SOURCE MATERIAL:
↓↓↓
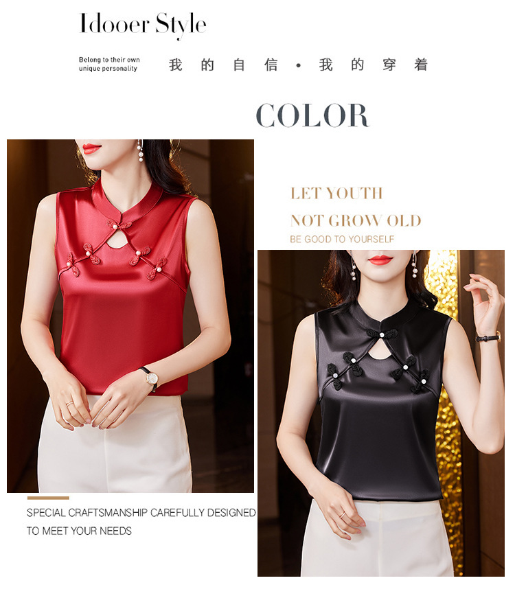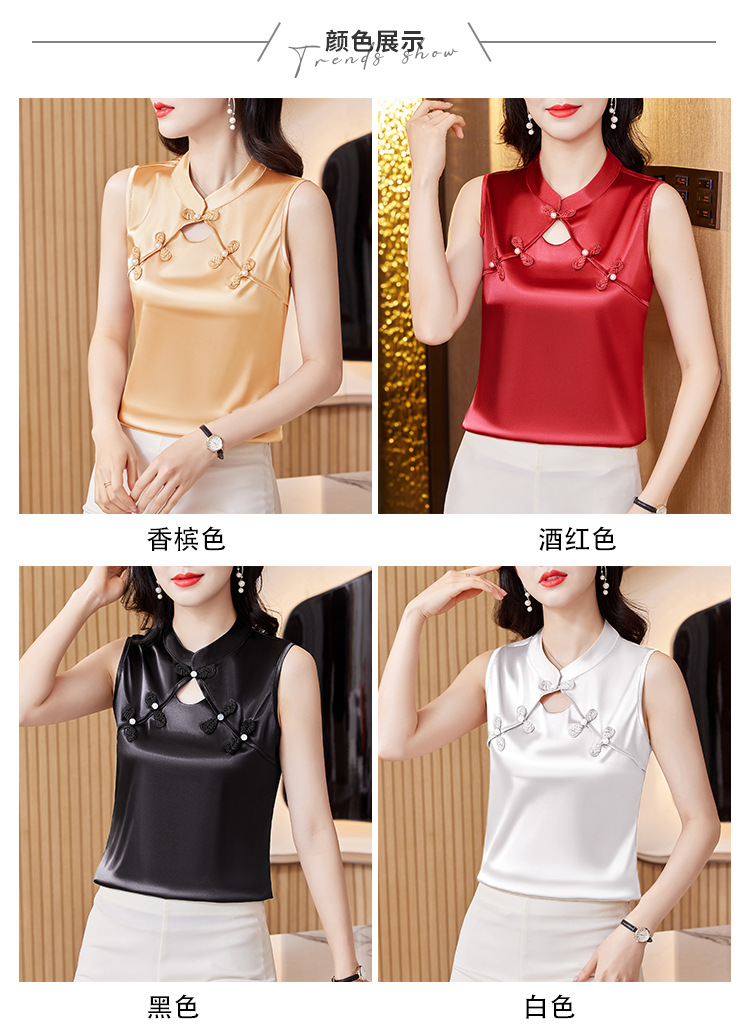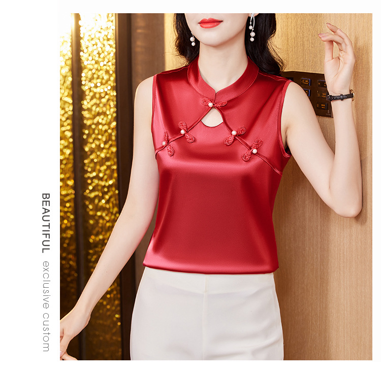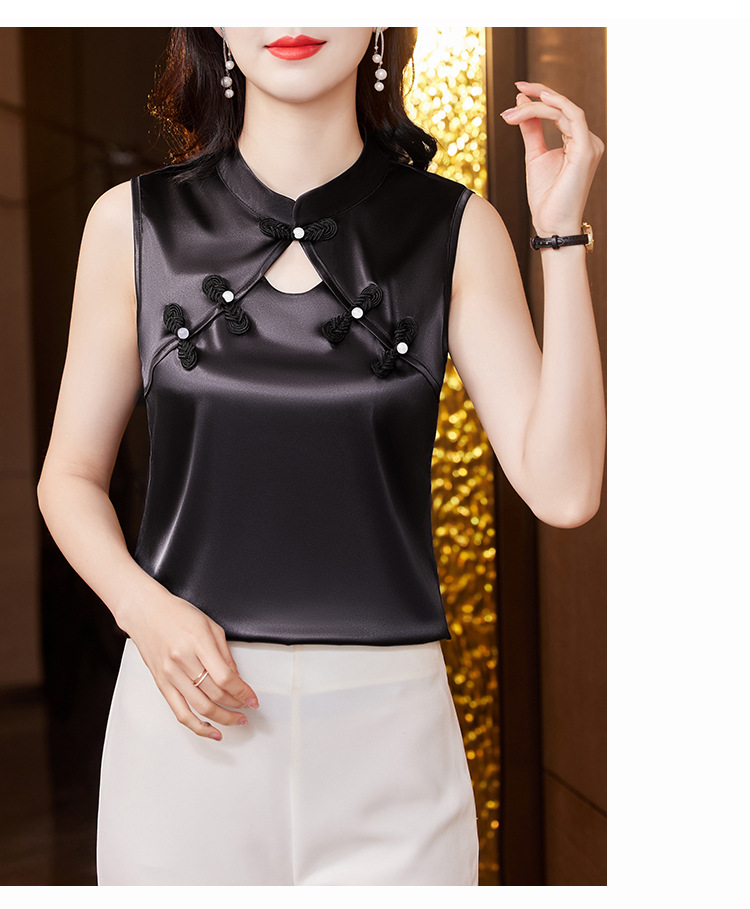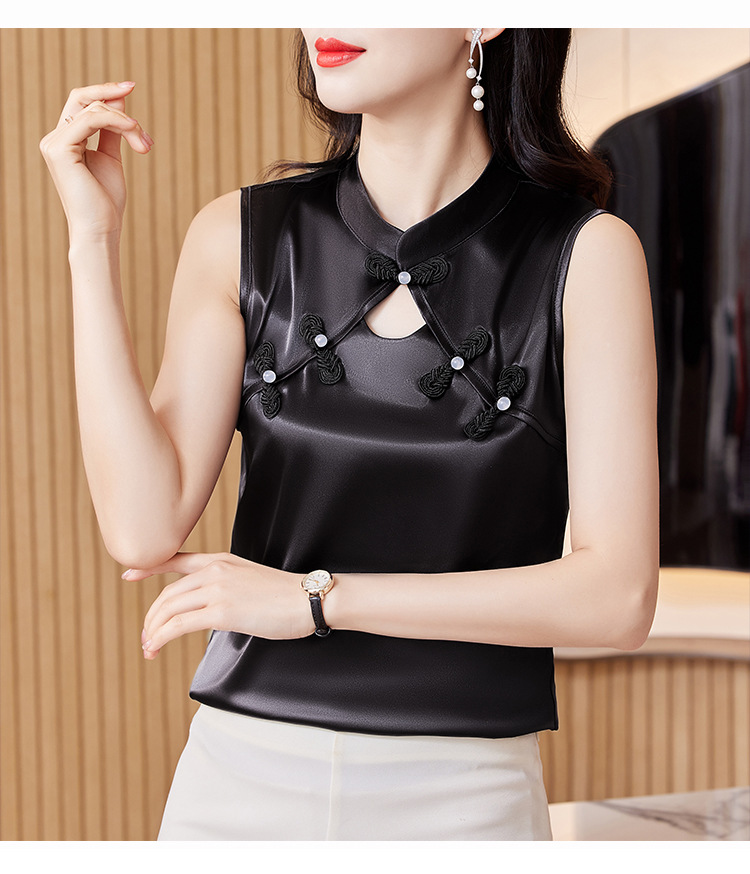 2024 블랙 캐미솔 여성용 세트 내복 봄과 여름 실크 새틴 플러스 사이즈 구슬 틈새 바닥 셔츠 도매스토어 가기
↑↑↑
↓↓↓
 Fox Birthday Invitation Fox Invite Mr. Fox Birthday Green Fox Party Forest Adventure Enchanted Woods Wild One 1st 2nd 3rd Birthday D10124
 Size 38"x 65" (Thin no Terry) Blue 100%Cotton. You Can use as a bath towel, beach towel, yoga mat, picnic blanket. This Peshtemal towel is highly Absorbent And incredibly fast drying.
↑↑↑
EXERCISE GOAL:
Print exactly the lines above from the one with "Fox Birthday Invitation" to the one with "incredibly fast drying.", including both.

WRITTEN SOLUTION:
 Fox Birthday Invitation Fox Invite Mr. Fox Birthday Green Fox Party Forest Adventure Enchanted Woods Wild One 1st 2nd 3rd Birthday D10124
 Size 38"x 65" (Thin no Terry) Blue 100%Cotton. You Can use as a bath towel, beach towel, yoga mat, picnic blanket. This Peshtemal towel is highly Absorbent And incredibly fast drying.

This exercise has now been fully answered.